§ **TO DO**
With pictures omitted, the line containing "Слайд 8: Чернышев" and all later lines of the records below are to be restated word for word.

§ **MATERIAL TO PROCESS**
+++++
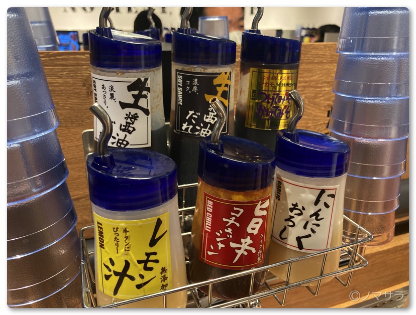 焼き肉のタレはあっさり生醤油、濃厚生醤油、つけてみそかけてみそ、レモン汁、旨辛コチュジャン、にんにくおろしの6種類ですがお肉にしっかりタレが絡んでいるので全く使うことなく美味しくいただきました。牛タンを頼んだらレモン汁は使ってもいいかと思います。にんにくおろしは翌日に響くので休みのとき以外は使えません。
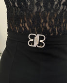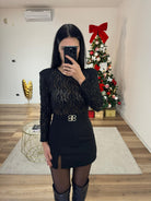 Tutina con strass tono su tono, pantaloncino morbido alla coscia, si chiude al collo ed è completa del suo cinturino
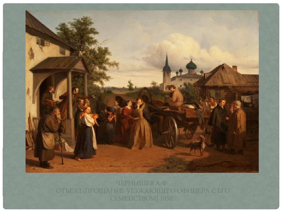 Слайд 8: Чернышев А.Ф. Отъезд (Прощание уезжающего офицера с его семейством) 1850
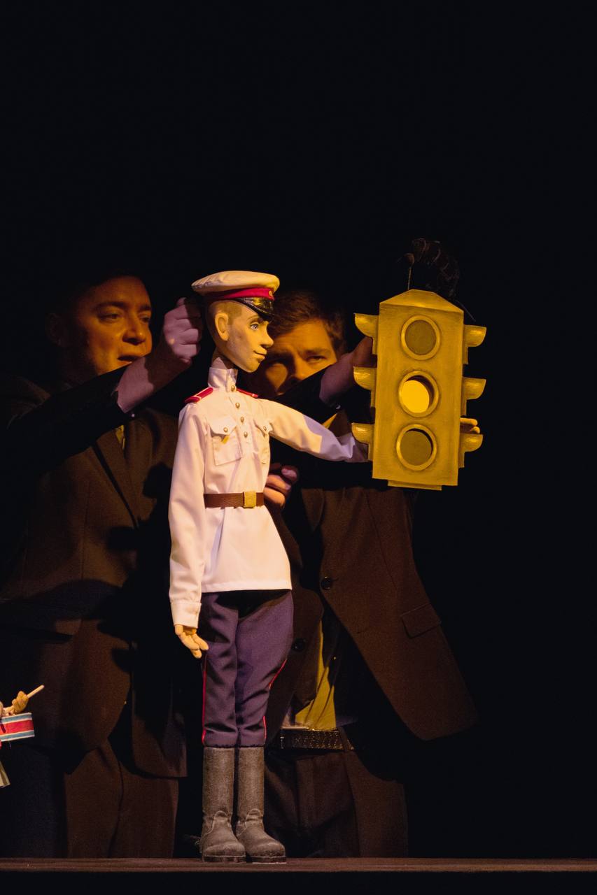 "Для спектакля художники, механики и бутафоры разработали и создали особую систему кукол, которую назвали "пальчиковые". Куклы большинства героев достаточно миниатюрные: они одеваются на руку, а указательный и средний палец артистов-кукловодов становятся ножками кукол. Такой выбор системы управления был выбран еще и для того, чтобы подчеркнуть контраст между ростом Степана Степанова и остальными персонажами: кукла Дяди Стёпы – это большая планшетная кукла, заметно выделяющаяся своим масштабом на фоне остальных. Все как и в произведении Михалкова – к слову, сам автор так же появляется в спектакле и выступает своеобразным рассказчиком", - сообщают в пресс-службе театра.
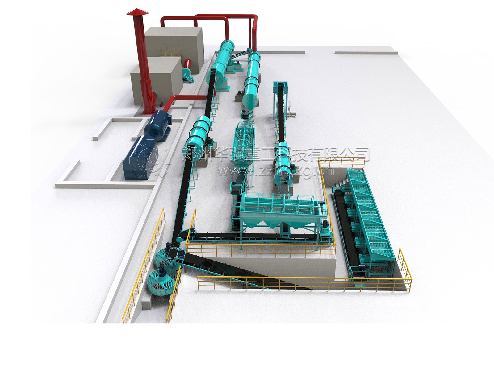 工藝流程:配料系統(tǒng)——滾筒篩分機(jī)——立式攪拌機(jī)——轉(zhuǎn)鼓造粒機(jī)——烘干機(jī)——冷卻機(jī)——自動(dòng)包裝機(jī)。
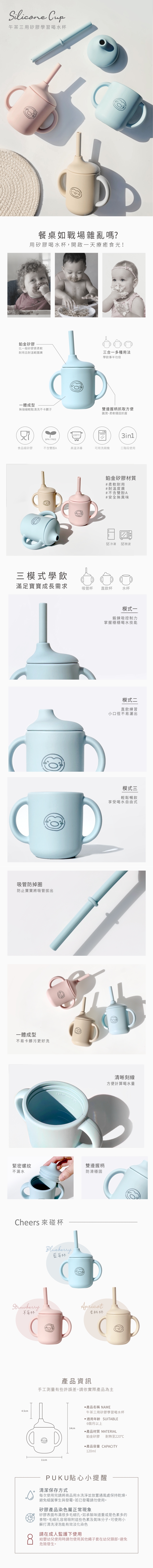 商品品名:午茶三用矽膠吸管學習杯120ml-(三色)
+++++
§ **FINAL ANSWER**
 Слайд 8: Чернышев А.Ф. Отъезд (Прощание уезжающего офицера с его семейством) 1850
 "Для спектакля художники, механики и бутафоры разработали и создали особую систему кукол, которую назвали "пальчиковые". Куклы большинства героев достаточно миниатюрные: они одеваются на руку, а указательный и средний палец артистов-кукловодов становятся ножками кукол. Такой выбор системы управления был выбран еще и для того, чтобы подчеркнуть контраст между ростом Степана Степанова и остальными персонажами: кукла Дяди Стёпы – это большая планшетная кукла, заметно выделяющаяся своим масштабом на фоне остальных. Все как и в произведении Михалкова – к слову, сам автор так же появляется в спектакле и выступает своеобразным рассказчиком", - сообщают в пресс-службе театра.
 工藝流程:配料系統(tǒng)——滾筒篩分機(jī)——立式攪拌機(jī)——轉(zhuǎn)鼓造粒機(jī)——烘干機(jī)——冷卻機(jī)——自動(dòng)包裝機(jī)。
 商品品名:午茶三用矽膠吸管學習杯120ml-(三色)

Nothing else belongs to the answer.